Another use of this mechanism is to request a copy of your peers' routing tables. To do this, you may send a message structured like so:
whisper [your id] [message id] [timestamp] request *
A node who receives this will respond exactly as they do after a successful handshake. Note that while it is technically valid to send this request as a
broadcast
, it is generally discouraged. -
Potential Flaws
The network has a few immediately obvious shortcomings.
First, the maximum message size is 4,294,967,299 bytes (including compression and headers). It could well be that in the future there will be more data to send in a single message. But equally so, a present-day attacker could use this to halt essentially every connection on the network. A short-term solution would be to have a soft-defined limit, but as has been shown in other protocols, this can calcify over time and do damage.

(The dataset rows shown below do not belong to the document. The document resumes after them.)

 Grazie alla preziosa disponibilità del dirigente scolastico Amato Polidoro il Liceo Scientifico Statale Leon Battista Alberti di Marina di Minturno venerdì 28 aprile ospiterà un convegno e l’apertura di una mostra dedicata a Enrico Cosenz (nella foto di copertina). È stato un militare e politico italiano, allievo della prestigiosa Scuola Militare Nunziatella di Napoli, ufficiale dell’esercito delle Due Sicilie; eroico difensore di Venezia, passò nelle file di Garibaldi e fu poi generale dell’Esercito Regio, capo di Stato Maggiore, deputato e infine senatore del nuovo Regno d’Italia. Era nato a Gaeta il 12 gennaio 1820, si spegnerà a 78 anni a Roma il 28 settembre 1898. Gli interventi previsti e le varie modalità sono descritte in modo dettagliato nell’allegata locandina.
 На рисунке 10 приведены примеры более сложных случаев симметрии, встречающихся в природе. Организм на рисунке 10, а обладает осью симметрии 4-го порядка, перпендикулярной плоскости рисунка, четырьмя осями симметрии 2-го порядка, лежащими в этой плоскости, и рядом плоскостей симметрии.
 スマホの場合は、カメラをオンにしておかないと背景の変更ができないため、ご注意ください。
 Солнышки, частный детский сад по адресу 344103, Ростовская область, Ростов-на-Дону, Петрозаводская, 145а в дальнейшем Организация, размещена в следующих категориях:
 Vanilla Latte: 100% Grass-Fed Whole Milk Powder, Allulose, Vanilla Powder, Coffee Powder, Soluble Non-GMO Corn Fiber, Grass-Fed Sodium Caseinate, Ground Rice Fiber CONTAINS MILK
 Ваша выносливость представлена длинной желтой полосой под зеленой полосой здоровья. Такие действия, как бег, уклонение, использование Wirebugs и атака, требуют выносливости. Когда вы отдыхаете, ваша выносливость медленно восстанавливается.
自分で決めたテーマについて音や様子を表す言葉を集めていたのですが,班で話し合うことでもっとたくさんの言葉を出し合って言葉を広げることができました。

Second, in a worst case scenario, every node will receive a given message n-1 times, and each message will generate n^2 total broadcasts, where n is the number of connected nodes. In most larger cases this will not happen, as a given node will not be connected to everyone else. But in smaller networks this will be common, and in well-connected networks this could slow things down. This calls for optimization, and will need to be explored. For instance, not propagating to a peer you receive a message from reduces the number of total broadcasts to (n-1)^2\. Limiting your number of connections can bring this down to min(max_conns, n-1) * (n-1).
Thrid, there is quite a lot of extra data being sent. Using the default parameters, if you want to send a 4 character message it will be expanded to 175 characters. That's ~44x larger. If you want these differences to be negligble, you need to send messages on the order of 512 characters. Then there is only an increase of ~34% (0% with decent compression). This can be improved by reducing the size of the various IDs being sent, or making the packet headers shorter. Both of these have disadvantages, however.

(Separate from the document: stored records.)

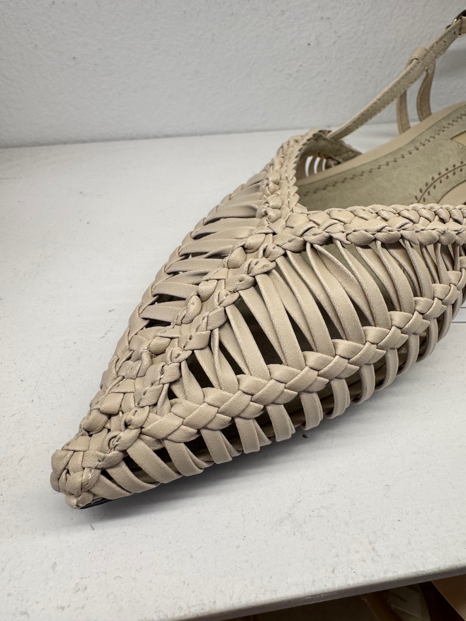 Sandalia plana trenzada abierta en talón con tira graduable.
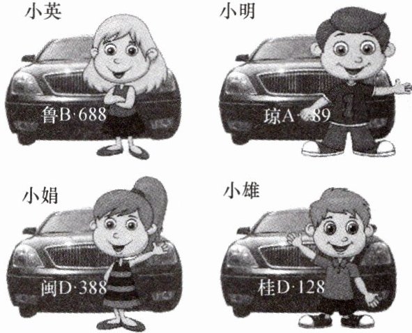 下图是小英、小明、小娟、小雄分别在自家小轿车前的留影。据图完成3~4题。
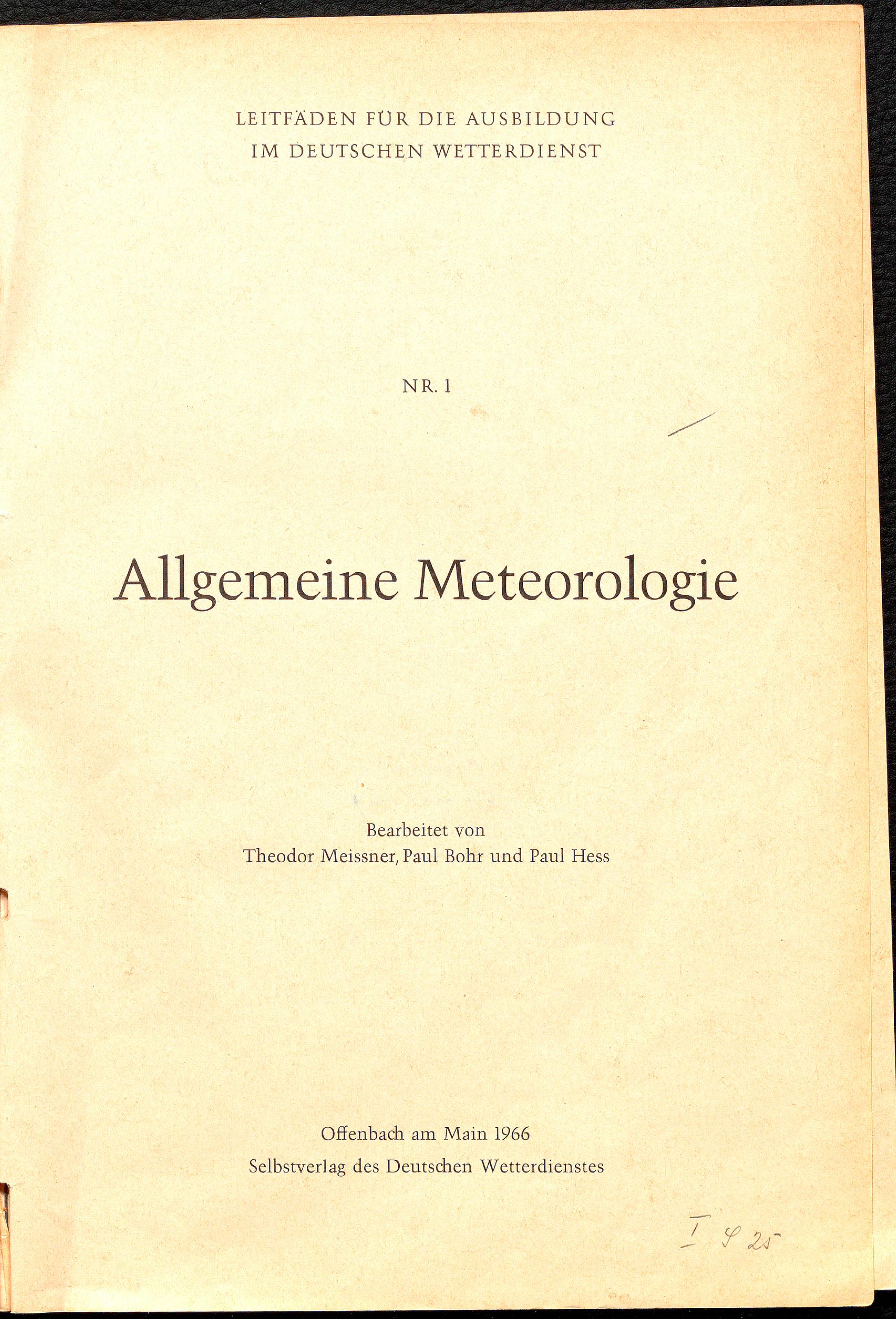 Allgemeine Meteorologie / Theodor Meissner ; ...

Results using opportunistic compression look roughly as follows (last updated in 0.2.95):
For 4 characters…
original 4
plaintext 175 (4375%)
lzma 228 (5700%)
bz2 192 (4800%)
gzip 163 (4075%)
For 498 characters…
original 498
plaintext 669 (134.3%)
lzma 552 (110.8%)
bz2 533 (107.0%)
gzip 471 (94.6%)
Because the reference implementation supports all of these (except for lzma in python2), this means that the overhead will drop away after ~500 characters. Communications with other implementations may be slower than this, however.